Speech enhancement is a core problem in audio signal processing with commercial applications in devices as diverse as mobile phones, conference call systems, smart assistants, and hearing aids. An essential component in the design of speech enhancement algorithms is acoustic source localization. Speaker localization is also directly applicable to many other audio related tasks, e.g., automated camera steering, teleconferencing systems, and robot audition.
From a signal processing perspective, speaker localization is the task of mapping multichannel speech signals to 3-D source coordinates. To obtain viable solutions for this mapping, an accurate description of the source wave propagation captured by the respective acoustic channel is required.

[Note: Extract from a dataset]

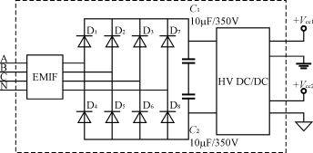這種供電方式體積和重量較大,成本也較高,顯然按以上電路連接時,對三相四線供電時不能缺零線,對三相三線供電時不能缺公共地線,如B相;另外,有的供電局用戶要求,三相電度表輸入端任意兩線有電壓輸入時都能工作,則圖5的設計便不能達到目的;當采用三相電度表專用開關電源模塊供電時,可解決以上問題,其內(nèi)部結構圖如圖6所示。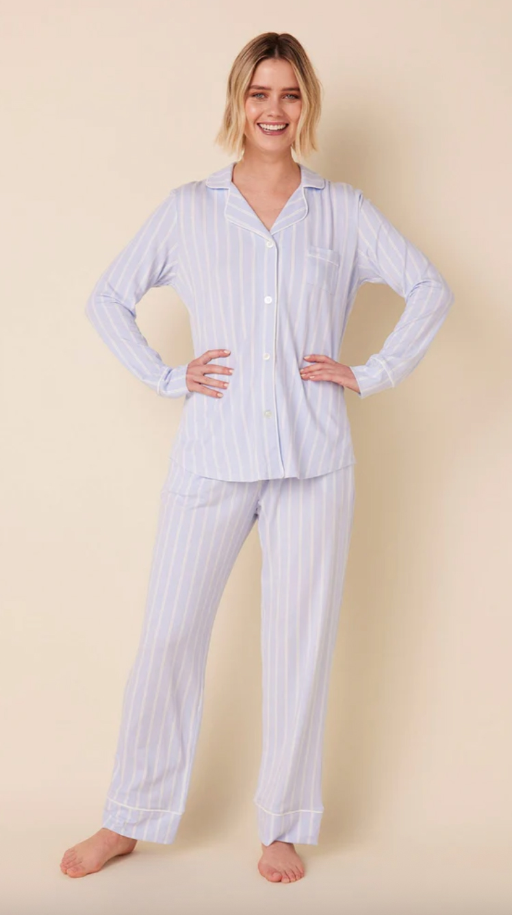 The Cat's Pajamas Women's Heritage Stripe Pima Knit Cotton Classic Pajama Set in Blue

In fact, the acoustic channels can be considered as the spatialfingerprints characterizing the positions of each of the sources in a reverberant enclosure. These fingerprints represent complex reflection patterns stemming from the surfaces and objects characterizing the enclosure. Hence, they are usually modelled by a very large number of coefficients, resulting in an intricate high-dimensional representation.
We claim that in static acoustic environments, despite the high dimensional representation, the difference between acoustic channels can be attributed mainly to changes in the source position. Thus, the true intrinsic dimensionality of the variations of the acoustic channels are significantly smaller than the number of variables commonly used to represent them; that is, the acoustic channels pertain to a low-dimensional manifold that can be inferred from data using nonlinear dimensionality reduction techniques. A comprehensive experimental study carried out in a real-life acoustic environment demonstrates the validity of the proposed manifold-based paradigm.
Motivated by this result, several high-performance localization and tracking methods were developed by harnessing novel mathematical tools for learning over manifolds, including diffusion maps, semi-supervised learning, optimization in reproducing kernel Hilbert spaces and Gaussian process inference. We present two localization algorithms that were designed for a single microphone array of two microphones. These algorithms were extended to several distributed arrays by merging the information of the different manifolds associated with each array. Tracking a moving source was also addressed by a data-driven propagation model relating movements on the abstract manifold to the actual source displacements. This data-driven propagation model was combined with a classical localization approach, in a hybrid algorithm that ties together the two worlds of classical and data-driven localization, while gaining the benefits of both. We show that the proposed algorithms outperform state-of-the-art localization methods, and obtain high accuracy in challenging noisy and reverberant environments.
Acoustic source localization is an essential component in many modern day audio applications. For example, smart speakers require localization capabilities in order to determine the speakers in the scene and their role. Based on the location information, they can enhance a speaker or carry out location specific tasks, such as switching the lights on and off, steering a camera, etc. Localization has often been based on creating physical models which become extremely intricate in real-world applications. Recently, researchers have started using learning techniques to address localization problems.
This monograph introduces the reader to the research and practical aspects behind the approach of learning the characteristics of the acoustic environment directly from the data rather than using a predefined physical model. Written by the experts in the field who have developed many of these techniques, it provides a comprehensive overview and insights into this burgeoning area of acoustic developments. The reader is introduced to the underlying mathematics before being introduced to the localization problem in depth. The core paradigm of using manifolds for diffusion mapping and distance is then described. Building on these concepts, the authors address both single and multiple manifold localization. Finally, manifold-based tracking is covered.
Data-Driven Multi-Microphone Speaker Localization on Manifolds is an illuminating introduction to designing and building acoustic systems where localization of multi-microphone and speakers forms an essential part of the system.